◆ PROVIDED MATERIAL
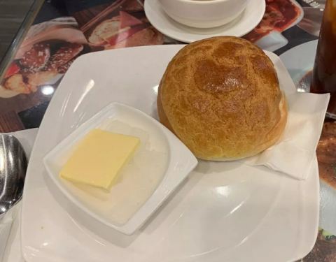 九龙餐室最为著名的是菠萝油,而且是特大菠萝油,另外还有大份量的西多士。其实不用进到餐厅里面,在餐厅外的橱窗里就能够买到这些外卖的面包、沙翁,、鸡批、蛋挞、老婆饼,大约都是港币6到7块钱左右。刚好路过...
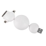 Trio Universal smart phone USB cell phone charger. 30″ retractable cord which eliminates tangles. Current is 1.5 amps at 5 volts. 4.5″ L x 1.625″ W
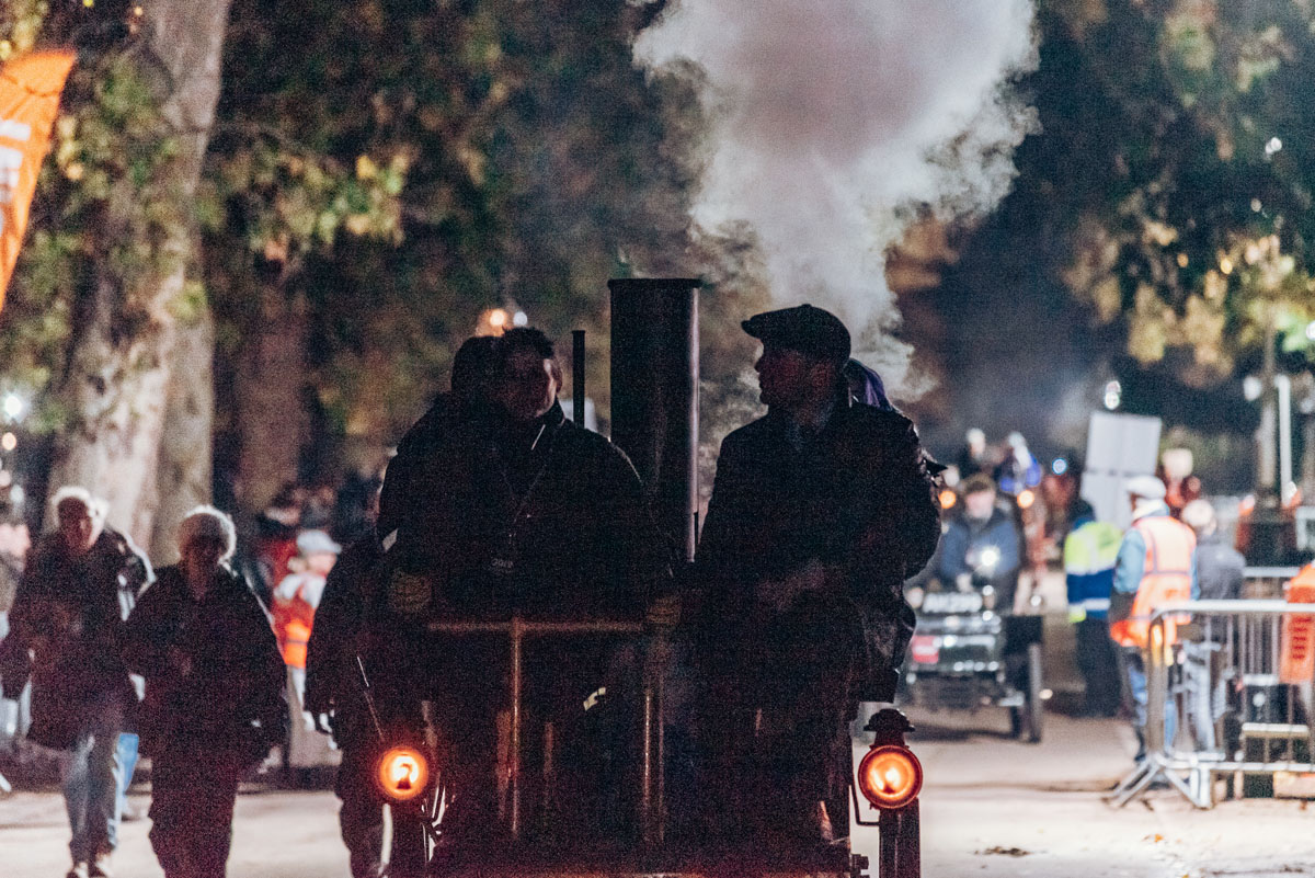 Von Hyde Park aus fuhr zunchst ein einzylindriger, 1,5 PS starker Velo-Benz aus dem Jahr 1894. Zu den frhen Startern gehrte auch der 1896er Salvesen Steam Cart, eine Dampflokomotive, die mit Heizer auf der Strae fuhr Schaufeln Sie Kohle in den feurigen Ofen des Kessels sowie eine stimmungsvolle Choo-Choo-Dampfpfeife – und eine Reihe primitiver motorisierter Dreirder mit Fahrern und Passagieren in historischen Kostmen.
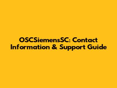 OSCSiemensSC: Contact Information & Support Guide

◆ REQUIRED WORK
Restate word for word the lines running from the first line of the material to the line containing "Trio Universal smart", inclusive, and drop every picture.

◆ ANSWER TO THIS EXERCISE
 九龙餐室最为著名的是菠萝油,而且是特大菠萝油,另外还有大份量的西多士。其实不用进到餐厅里面,在餐厅外的橱窗里就能够买到这些外卖的面包、沙翁,、鸡批、蛋挞、老婆饼,大约都是港币6到7块钱左右。刚好路过...
 Trio Universal smart phone USB cell phone charger. 30″ retractable cord which eliminates tangles. Current is 1.5 amps at 5 volts. 4.5″ L x 1.625″ W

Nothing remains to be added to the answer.